The differential expression results show that 2,046 genes that have a significant differential expression. The 90 genes expression has down-regulated and 1,956 genes expression up-regulated, there are 20 genes related to the immune system. The 20 genes related to the immune system by analyzing lionproject.net that directly related to hallmark avoiding immune destruction that genes are CXCL9/10/11. The gene expression of CXCL9/10/11 regulates PD-L1 expressions via the Jak/STAT signaling pathway. The interaction between the extracellular domain PD-1 and PD-L1 in cancer cells have avoiding immune destruction.

Conclusion:

The results of this study suggest that the gene expression of CXCL9/10/11 have up-regulated is related to avoiding immune destruction that can use as an early detection biomarker of nasopharyngeal cancer in Indonesian patients.

Key Words: Nasopharyngeal cancer, transcriptomic, next-generation sequencing, avoiding immune destruction

Introduction

According to data from the World Health Organization (WHO) in 2015, cancer is the first or second cause of human death in the age before 70 years in 91 countries from 172 countries (Bray et al., 2018). Worldwide, nasopharyngeal cancer is cancer with a rare incidence of malignancy, with an incidence rate generally <1 per 100,000 people per year, but areas with high incidence are found in the southern regions of China, Southeast Asia, North Africa, and the Arctic (Ferlay et al., 2013). In southeast Asia for example in Indonesia, nasopharyngeal cancer is a major problem because there are 15,000 new cases per year (Ferlay et al., 2008).

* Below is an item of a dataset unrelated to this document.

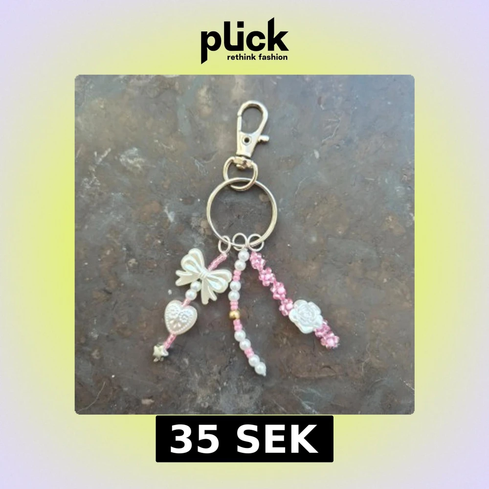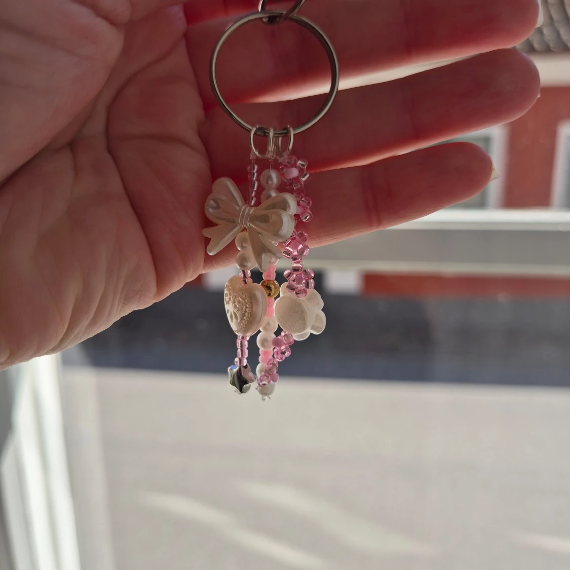 Handgjord Söt nyckelring med detaljer i vitt och rosa. Dekorerad med en pärlrosett, hjärta och blomma samt små pärlor i olika former. Perfekt som accessoar till väskan eller nycklarna.

Based on data obtained from the Global Cancer Observatory (GCO), the number of cases of nasopharyngeal cancer in men in Indonesia on ranked fourth. Estimated that the incidence of nasopharyngeal cancer is 12,000 new cases per year, with all cases related to Epstein Barr virus (EBV) (Adham et al., 2012).

In Indonesia, 100% of five-year-old children are infected with EBV and carry latent viruses for life. Early-stage nasopharyngeal cancer (NPC) is difficult to diagnose clinically because of its hidden location in the nasopharynx (Adham et al., 2012). Nasopharyngeal cancer shows high metastatic rates, tend to be present at an advanced stage (clinical stages III and IV) when diagnosed. More than 70% of patients are at an advanced stage when diagnosed at the clinic (Lo et al., 2004; Tang et al., 2016).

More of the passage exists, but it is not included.